Database Data File Physical Fragmentation From Small Auto-Growth Setting

  • I've placed this post in the SS2005 Performance Tuning section of the forum because it was totally ignored in the 2012 section of the forum.

    The server is SS2012.

    ________________

    To All,

    I need some advice. I've just started a new job and one of the first problems I've encountered is that a 365 GB database has auto-grown 1 MB at a time since the day it was created.

    3 years ago, the database was on direct attached storage. Then, it was moved to a Dell-Compellent SAN, a system for which I am a certified administrator. The database migration involved a database backup and a restore to the SAN which eliminated the physical fragmentation. But after that, it kept auto-growing in 1 MB increments. So, it probably has at least 100,000->200,000+ 1MB file fragments scattered all over multiple disk drives.

    I am going to review the performance implications of this condition with Dell-Compellent.

    In the meantime, I'd like to hear from any of the community on this forum:

    1. If you've had this situation, how did you respond to it?

    2. Is the potential for server performance degradation reduced if the database data file is on a SAN?

    3. If I must take action to rectify this condition, what are my best options?

    On the last question, I'm considering 3 options:

    1. A full backup and restoration of the database:

    1a. Backup the database.

    1b. Take the database out of production.

    1c. Delete the database.

    1d. Recreate the database with appropriate initial and auto-growth settings.

    1e. Restore the database.

    1f.
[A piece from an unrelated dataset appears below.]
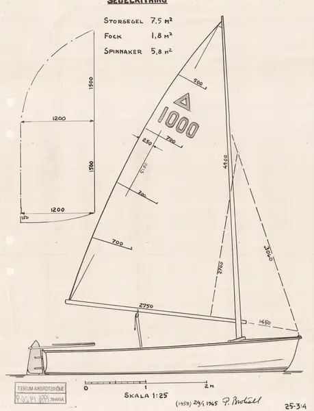- Ritning till TRISS, kombinerad rodd-, segel- och utombordsmotorbåt för ABC-fabrikerna, gjord av Per Brohäll.

Reconnect the Login and User SIDs.

    1g. Resume production.

    2. Take a SAN based snapshot of the database and use it to replace the existing database. (I don't think this will produce the desired results and I'm going to review it with Dell-Compellent.)

    3. File defragmenting software. There is a file defragmenting program available from Microsoft that is specifically designed to turn physically fragmented files into contiguous files: http://technet.microsoft.com/en-us/sysinternals/bb897428.aspx. Contig.exe Version 1.7. It sounds promising.

    I would be very interested in your responses, especially if you've actually had to solve a similar problem.

  • Wow. Not a single response.

    My post was either a really good one or a really bad one.

  • I only considered doing this once but never had to carry it out (we ended up migrating to new servers) so was curious towards the responses. I was watching this thread (and the one in the 2012 forum) to see if anyone would jump in, but for lack of an expert wanting to weigh in I'll throw in my lowly two cents.

    When I was considering it my plan was to:

    1. run CHECKDB

    2. take backups

    3. stop the service

    4. test the restores somewhere

    5. move all the database files to another drive available on the same server (no network involved)

    6. reformat the drive (you could also defrag the drive here if reformatting would cause other pain)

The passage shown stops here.